A man dubbed the “dreadlocks bandit” because of his hairstyle was jailed for 1,210 years in California and given 22 consecutive life terms for a string of bank robberies he committed after being released from prison for an earlier hold-up spree.

It was one of the longest sentences handed down in Los Angeles County, officials said.

David Robinson, 54, was sentenced in Superior Court. He was convicted in October of 19 counts of second-degree robbery and three counts of attempted robbery. Jurors were deadlocked on an additional robbery count and six other charges were dismissed during the trial.

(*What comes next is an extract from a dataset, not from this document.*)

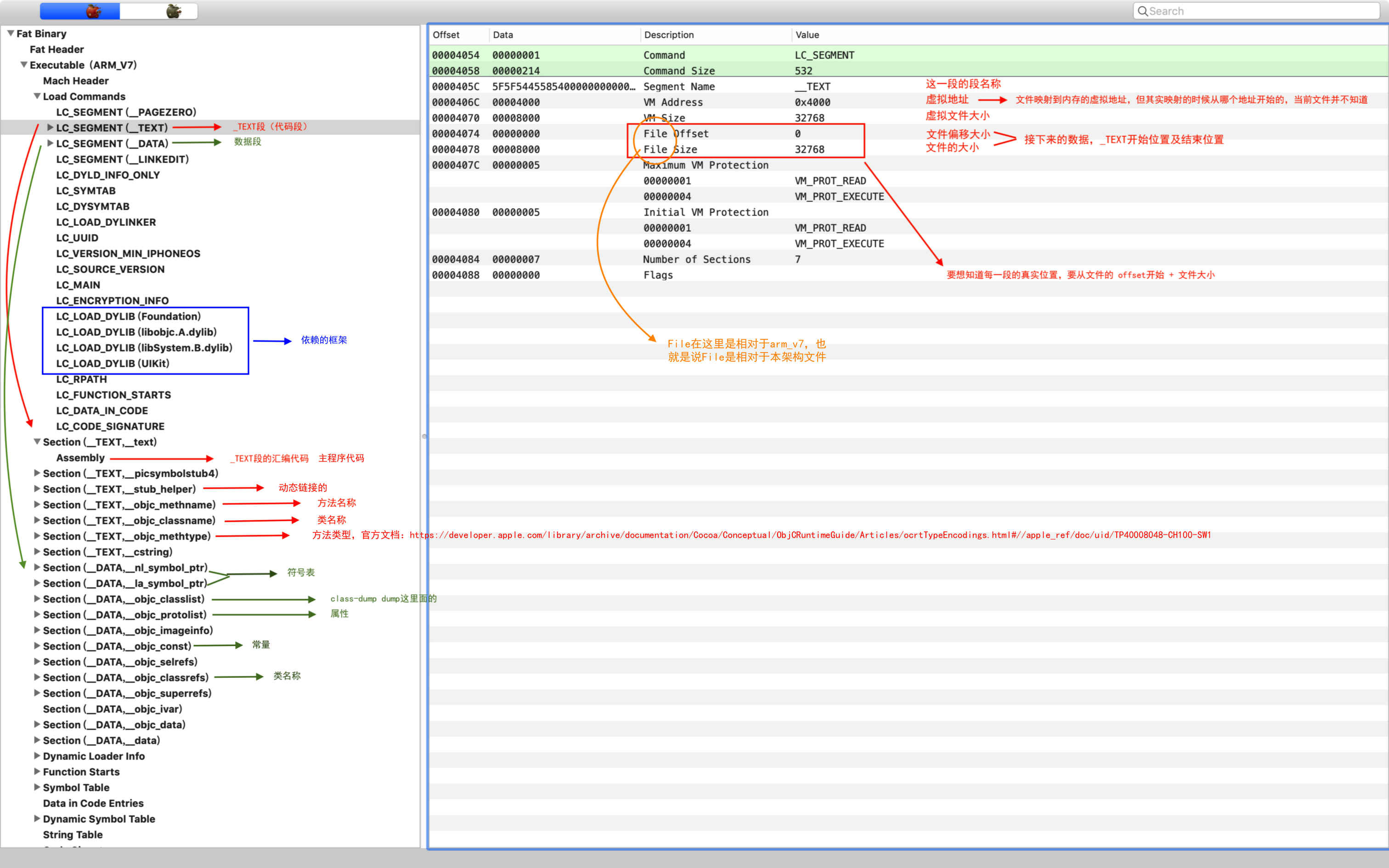 下图是Load Commands __TEXT段及部分__DATA(数据段)的部分标注, __TEXT段是比较重要的Segment,后期我们使用Hopper,大多都是解析 __TEXT(代码段)。

Robinson received the maximum sentence for each count, to be served consecutively, along with enhancements because of his previous record of multiple robberies, officials said.

“This was the sentence that was allowable under the law,” said Sandi Gibbons, spokeswoman for the district attorney’s office.

Robinson spent 14 years in prison for a two-year bank robbery spree that ended in 1989, the FBI said.

He was released in 2004 and between August and October of that year obtained £37,000 (€53,000) by robbing 19 banks in Los Angeles, Santa Monica, Glendale, Alhambra, West Covina, Manhattan Beach and Torrance, prosecutor Warren Kato said.

He was arrested in October 2004 as he drove out of the car park of a Torrance bank that was under surveillance because it had been robbed days earlier and authorities believed it might be hit again.